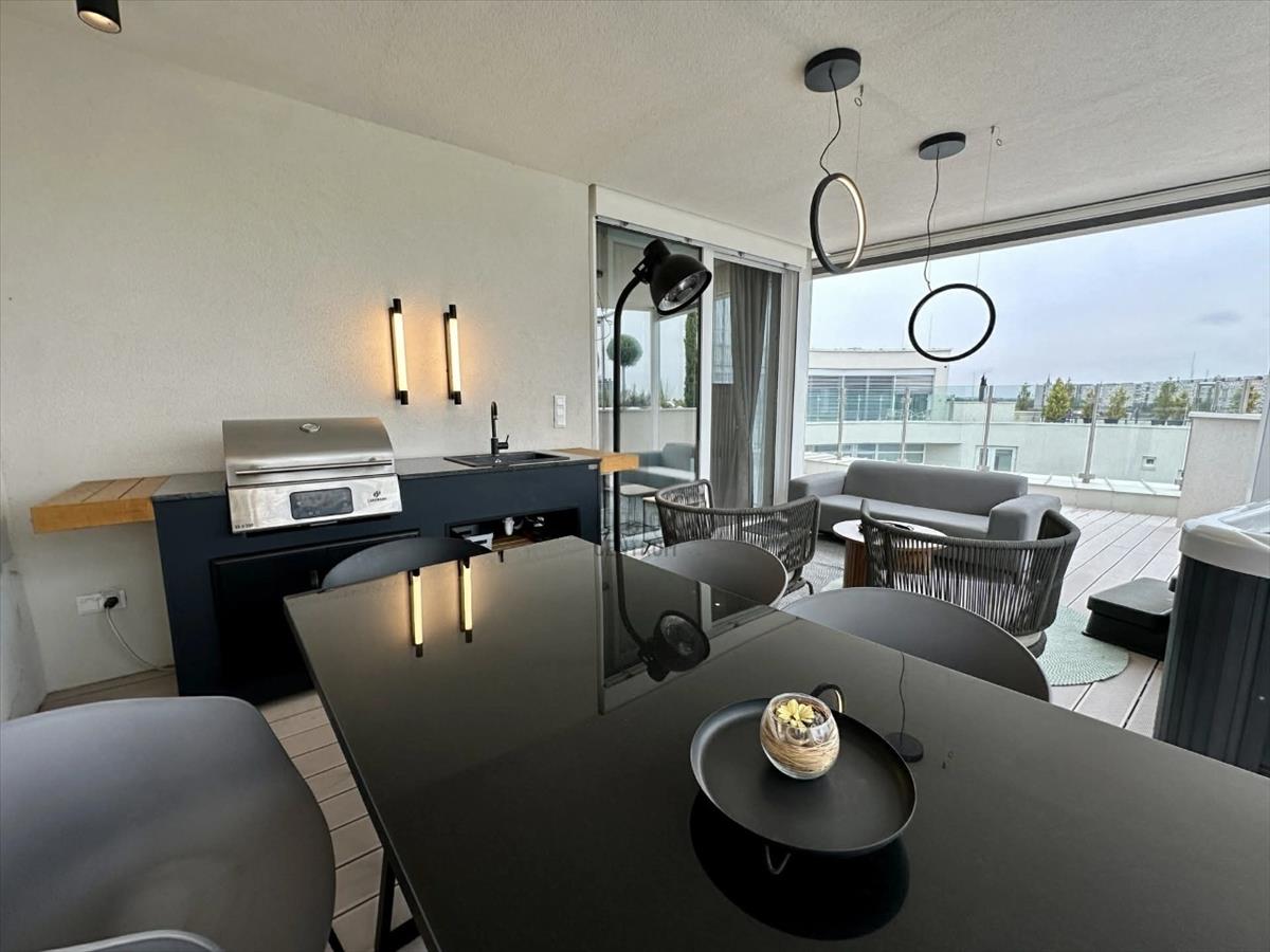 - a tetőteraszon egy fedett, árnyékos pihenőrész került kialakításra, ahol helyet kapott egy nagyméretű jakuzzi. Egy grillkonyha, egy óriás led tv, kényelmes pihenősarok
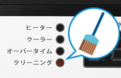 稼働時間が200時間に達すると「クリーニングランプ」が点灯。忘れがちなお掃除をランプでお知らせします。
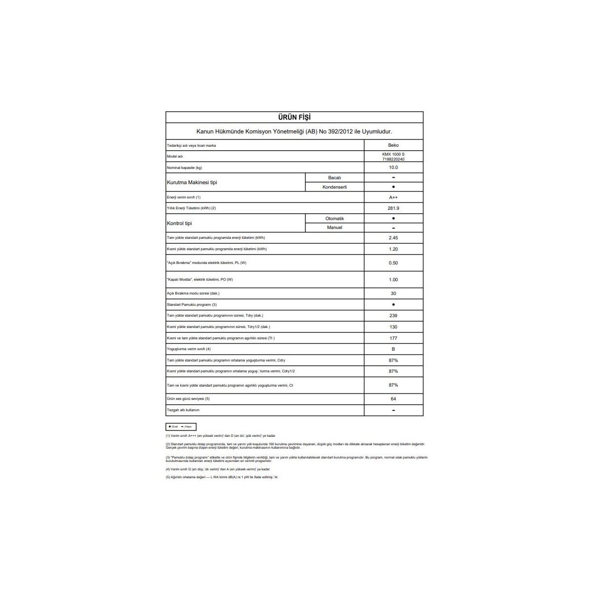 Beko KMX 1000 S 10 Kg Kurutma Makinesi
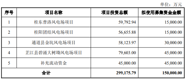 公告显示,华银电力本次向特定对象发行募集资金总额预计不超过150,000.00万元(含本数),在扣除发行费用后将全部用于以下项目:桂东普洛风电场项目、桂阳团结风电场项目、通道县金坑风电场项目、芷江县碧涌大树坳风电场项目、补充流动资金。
_ _ _ _ _ _ _
Exercise objective: In the copy, include no pictures; everything else in the material should be written out exactly.

Written answer:
 - a tetőteraszon egy fedett, árnyékos pihenőrész került kialakításra, ahol helyet kapott egy nagyméretű jakuzzi. Egy grillkonyha, egy óriás led tv, kényelmes pihenősarok
 稼働時間が200時間に達すると「クリーニングランプ」が点灯。忘れがちなお掃除をランプでお知らせします。
 Beko KMX 1000 S 10 Kg Kurutma Makinesi
 公告显示,华银电力本次向特定对象发行募集资金总额预计不超过150,000.00万元(含本数),在扣除发行费用后将全部用于以下项目:桂东普洛风电场项目、桂阳团结风电场项目、通道县金坑风电场项目、芷江县碧涌大树坳风电场项目、补充流动资金。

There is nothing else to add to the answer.